Ireland has an abysmal record in renewable heat. In 2021, the share of renewable energy in the heat sector stood at 6.8%, compared to the EU average of 22%. A new renewable energy obligation scheme is set to be introduced in 2024 which is designed to address this.

However, one of Ireland’s key renewable heat schemes remains open for farmers to apply to and there is potentially a lot of money available.

The support scheme for renewable heat (SSRH) provides grants of up to 30% for farmers to install heat pumps on their farms. The scheme also provides ongoing tariffs for farmers who install a biomass or biogas boiler or combined heat and power plant.

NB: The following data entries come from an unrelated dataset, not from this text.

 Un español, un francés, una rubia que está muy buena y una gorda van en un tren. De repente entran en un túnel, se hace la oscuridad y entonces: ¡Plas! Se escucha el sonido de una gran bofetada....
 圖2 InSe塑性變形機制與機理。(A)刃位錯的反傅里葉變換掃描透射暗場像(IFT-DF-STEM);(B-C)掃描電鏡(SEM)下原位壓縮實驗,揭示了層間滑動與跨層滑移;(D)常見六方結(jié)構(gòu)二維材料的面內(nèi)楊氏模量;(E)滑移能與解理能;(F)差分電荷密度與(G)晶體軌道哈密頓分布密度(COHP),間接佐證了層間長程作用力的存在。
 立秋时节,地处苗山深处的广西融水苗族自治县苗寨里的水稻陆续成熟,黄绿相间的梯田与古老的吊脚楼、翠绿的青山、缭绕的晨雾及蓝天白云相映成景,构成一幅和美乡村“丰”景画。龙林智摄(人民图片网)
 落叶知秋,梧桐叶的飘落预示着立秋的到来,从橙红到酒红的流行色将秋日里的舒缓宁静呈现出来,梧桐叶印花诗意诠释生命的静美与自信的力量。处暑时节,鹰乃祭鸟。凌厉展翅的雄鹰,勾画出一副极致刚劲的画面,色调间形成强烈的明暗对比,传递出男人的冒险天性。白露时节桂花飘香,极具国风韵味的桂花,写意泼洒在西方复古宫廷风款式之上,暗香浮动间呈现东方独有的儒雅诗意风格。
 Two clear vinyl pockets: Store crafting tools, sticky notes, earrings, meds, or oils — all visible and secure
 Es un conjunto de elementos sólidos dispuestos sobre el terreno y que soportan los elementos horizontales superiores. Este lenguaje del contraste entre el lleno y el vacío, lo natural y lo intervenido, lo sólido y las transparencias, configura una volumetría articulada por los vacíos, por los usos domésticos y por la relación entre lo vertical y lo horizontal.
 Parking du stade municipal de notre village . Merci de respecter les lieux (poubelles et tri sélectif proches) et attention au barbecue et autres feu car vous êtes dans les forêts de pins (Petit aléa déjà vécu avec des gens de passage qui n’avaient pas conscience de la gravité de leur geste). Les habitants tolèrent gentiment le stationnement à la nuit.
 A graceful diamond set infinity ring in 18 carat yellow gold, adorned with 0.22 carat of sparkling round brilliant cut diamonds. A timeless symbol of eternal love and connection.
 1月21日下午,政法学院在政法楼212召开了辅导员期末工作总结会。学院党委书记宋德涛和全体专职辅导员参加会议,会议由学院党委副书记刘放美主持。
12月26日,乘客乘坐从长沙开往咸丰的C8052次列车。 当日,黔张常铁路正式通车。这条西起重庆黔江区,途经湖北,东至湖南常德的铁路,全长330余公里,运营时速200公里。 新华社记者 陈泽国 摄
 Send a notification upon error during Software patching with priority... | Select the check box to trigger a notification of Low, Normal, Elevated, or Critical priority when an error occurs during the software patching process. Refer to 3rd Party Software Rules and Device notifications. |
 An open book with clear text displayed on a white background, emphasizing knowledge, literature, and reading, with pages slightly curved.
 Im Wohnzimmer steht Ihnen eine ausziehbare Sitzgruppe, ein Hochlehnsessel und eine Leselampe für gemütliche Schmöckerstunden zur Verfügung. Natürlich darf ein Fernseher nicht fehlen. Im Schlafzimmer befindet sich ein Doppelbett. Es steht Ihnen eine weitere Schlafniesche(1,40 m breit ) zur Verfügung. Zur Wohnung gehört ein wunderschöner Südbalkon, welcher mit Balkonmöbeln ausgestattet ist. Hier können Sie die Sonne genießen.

This tariff is paid to farmers for the next 15 years, although the tariff rate does decline with use.

Budget

It is believed the budget for the scheme is around €300m and as of the end of November, 98 businesses had secured grant aid. According to the administrators of the scheme, the Sustainable Energy Authority of Ireland (SEAI), the successful applicants included 54 farms, 12 care homes, 11 in the wider industry, 10 hotels, 4 leisure centres and 7 other businesses (education, office, retail, etc).

The total committed funding so far comes to around €35.6m over 15 years which equates to around €2.4m per year. Around €640,000 has been paid in direct (single payment) grants.

SEAI estimates that, once fully operational, the move to renewable bioenergy heating in these 98 businesses will result in an annual reduction of 26,000t in CO2 emissions.

The heat sector remains one of the most difficult to decarbonise.

The offers made to the 54 applicants in the agriculture sector amount to €21.8m over 15 years, which equates to €1.45m per year. Of those which secured 15-year tariff support, 26 were poultry (€11.4m), 10 were in the pig sector (€2.9m), 15 were mushroom producers (€6.3m) and two in the horticultural sector (€1.18m). One horticultural business received a one-off grant of €153,000.